Выбрать главу

Стараясь не дышать, Болек подошел к девушке и склонился над ней, вдыхая едва уловимый аромат каких-то цветов, смешанный с щекочущим ноздри тончайшим запахом молодости и здоровья. Голова у него вдруг невыносимо закружилась от нетерпения, сердце глухо запрыгало в недрах его огромной груди, и он, повинуясь нахлынувшему тяжелой горячей волной желанию, чуть не упал на девушку, готовый тут же растерзать или даже целиком проглотить ее... Но Болек лишь удивленно дотронулся до девушки, и она вдруг зашевелила губами и отвернула голову в сторону. Грудь ее начала мерно вздыматься перед самым носом у "акробата". Этого он уже не смог снести. На всякий случай воровато посмотрев по сторонам, Болек лег в мох рядом и, нетерпеливо сунув свою "пушку" в карман, прильнул к девушке, жадно обхватив ее своими огромными руками. Дрожь прошла по всему ее телу, и она чуть слышно застонала, поворачивая голову то вправо, то влево. Губы ее что-то беззвучно шептали... Хмель забродил у Болека в крови, какой-то неуемный горячий ветер засвистел у него в голове, выметая оттуда весь сор нехитрых мыслей и оставляя лишь голую равнину, выжженную зноем желания. Когда губы его бескровного рта с желтыми и острыми, как у мелкого грызуна, зубами коснулись перламутровой свежести ее губ, Болек увидел у своего носа огромную "пушку", дуло которой девятимиллиметровой черной дырой холодно заглядывало прямо в душу, уже приготовленную для сладкого удовольствия.
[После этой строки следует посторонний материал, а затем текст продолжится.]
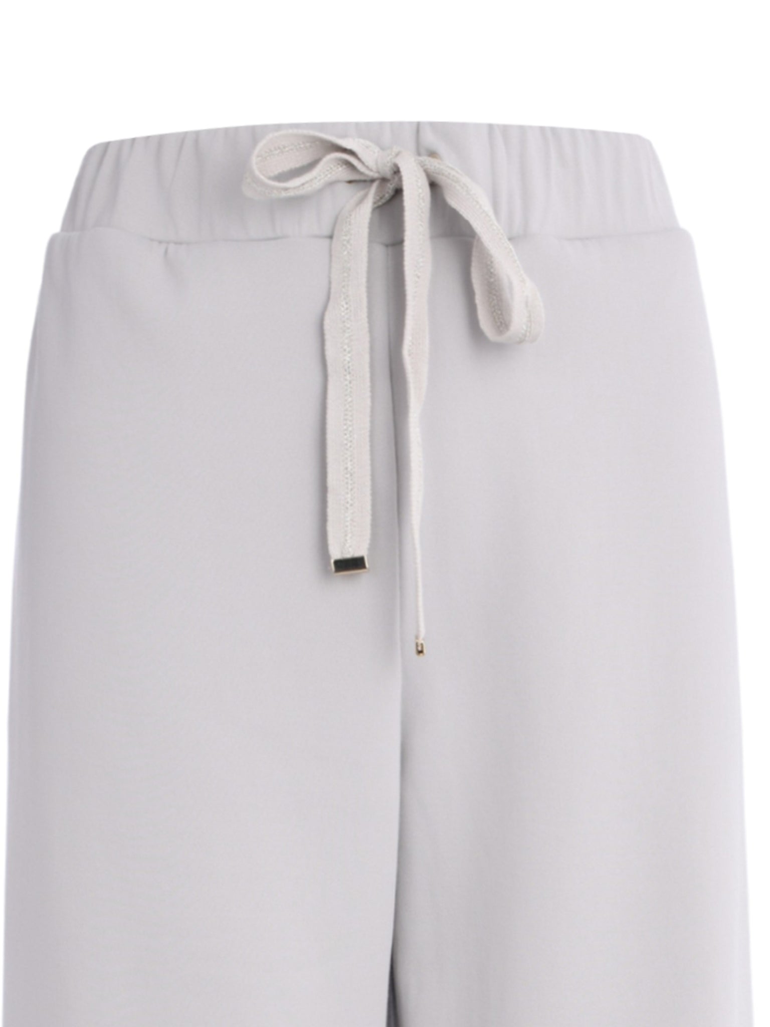 Elevate your off-duty style with the effortless luxury of these light grey jersey track pants by Lorena Antoniazzi. Made in Italy, they blend athletic comfort with a refined aesthetic—perfect for both lounging and stylish city outings.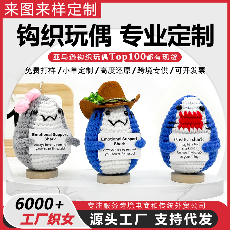 跨境成品超萌鲨鱼玩偶手工毛线钩织毛绒玩具送礼物桌面摆件正能量

- Ну, слезай, Болек, покайфовал и хватит,- сказал Паша шепотом откуда-то из-за спины "акробата", шаря у него в карманах,-только тихонько, без резких движений, а то братва, не дай Бог, услышит, и мне придется провентилировать тебе мозги. Ведь интересно: сколько извилин у тебя в голове? А вдруг там одна кость?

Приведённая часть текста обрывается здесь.